My Take

Why the angst over hi-tech park on border with Shenzhen?

The Lok Ma Chau Loop has sat idle for two decades, yet critics lambast deal to develop it into an innovation hub that will bring benefits to Hong Kong

PUBLISHED : Friday, 06 January, 2017, 12:44am
UPDATED : Friday, 06 January, 2017, 1:52am

Build it and they may come, fingers crossed. One supposes that’s the idea behind the joint Hong Kong and Shenzhen innovation and technology park in faraway Lok Ma Chau.

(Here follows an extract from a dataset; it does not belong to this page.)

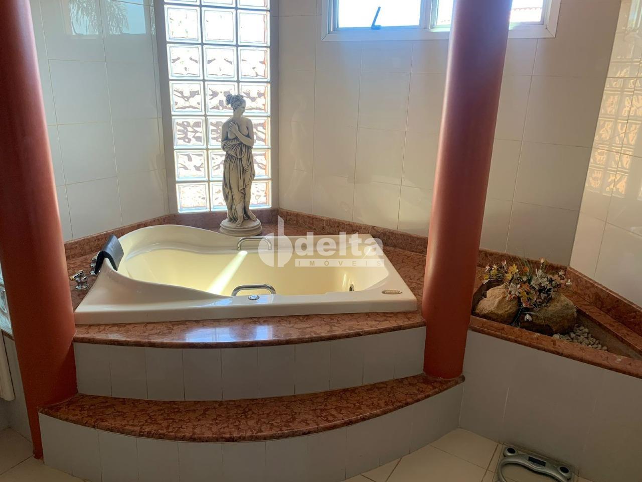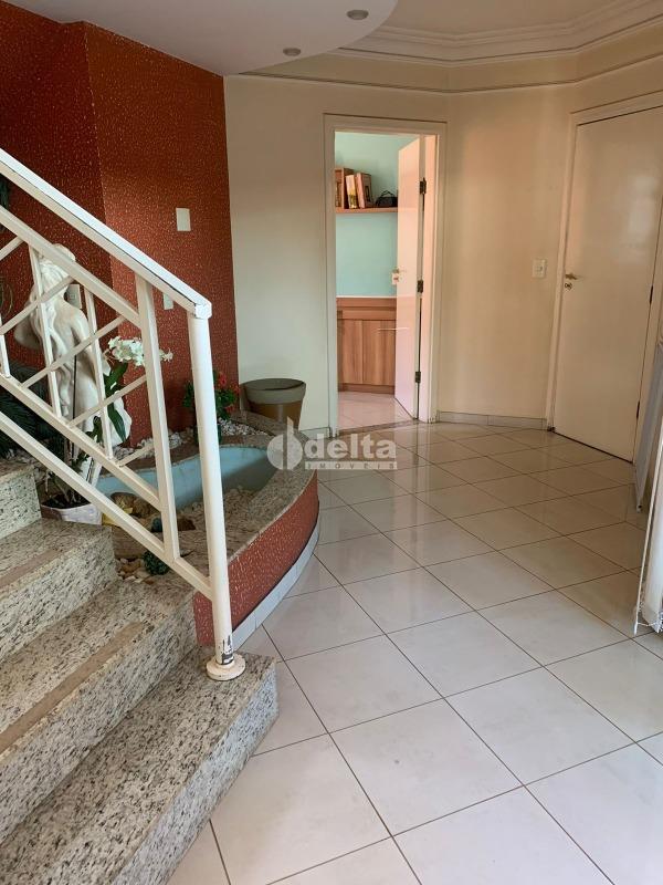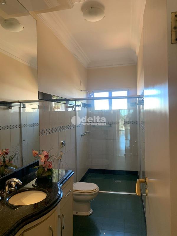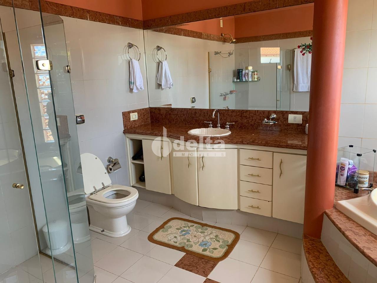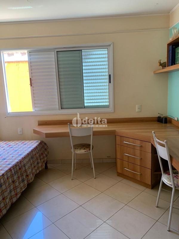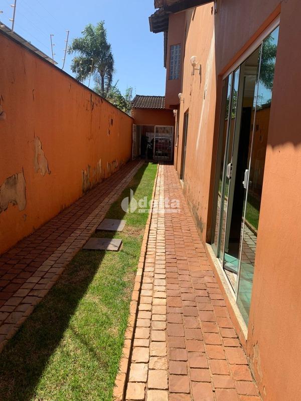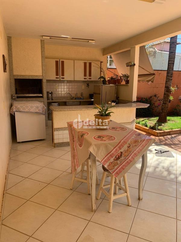 Casa com 370 m² de área construída e 520 m² de terreno, distribuída em 2 andares. O primeiro piso possui sala de estar, sala de TV, lavabo, escritório, sala de jantar, cozinha ampla, área de serviço, despensa, banheiro de serviço e estendal. No segundo piso, são 4 quartos, sendo 2 suítes com closet, 2 sacadas e banheiro social. A área externa conta com varanda, edícula com quarto, cozinha, banheiro e canil. Excelente localização, próxima à UFU Campus Umuarama.

This huge site – an 87-hectare loop – has been lying idle for the past two decades. It was created by water works in the area. I, for one, am glad they have found a use for it. For critics who are ready to blast the plan as another white elephant like Cyberport or Science Park, or another instance of unaccountable government decisions, consider the alternatives.

We could have sold it to developers, built a university, turned it into a centralised storage and cargo transit point, built schools for cross-border pupils, or public housing units. Each option has problems but you can be certain that no matter which one was picked, the usual critics would still be jumping up and down. A tech park does not seem to be the worse option for Hong Kong.

After the planned Palace Museum at the arts hub in West Kowloon, it’s another one of Chief Secretary Carrie Lam Cheng Yuet-ngor’s babies. She has managed to get Shenzhen authorities to acknowledge that Hong Kong owns the land.

Transparency key to success of hi-tech park at Lok Ma Chau

While Hong Kong has little to show when it comes to innovation and technology over the past 20 years – Octopus cards? – Shenzhen has been growing by leaps and bounds. I know, it’s hard to imagine such a thing for our pan-democrats and localist youths who think Hong Kong is superior in every way.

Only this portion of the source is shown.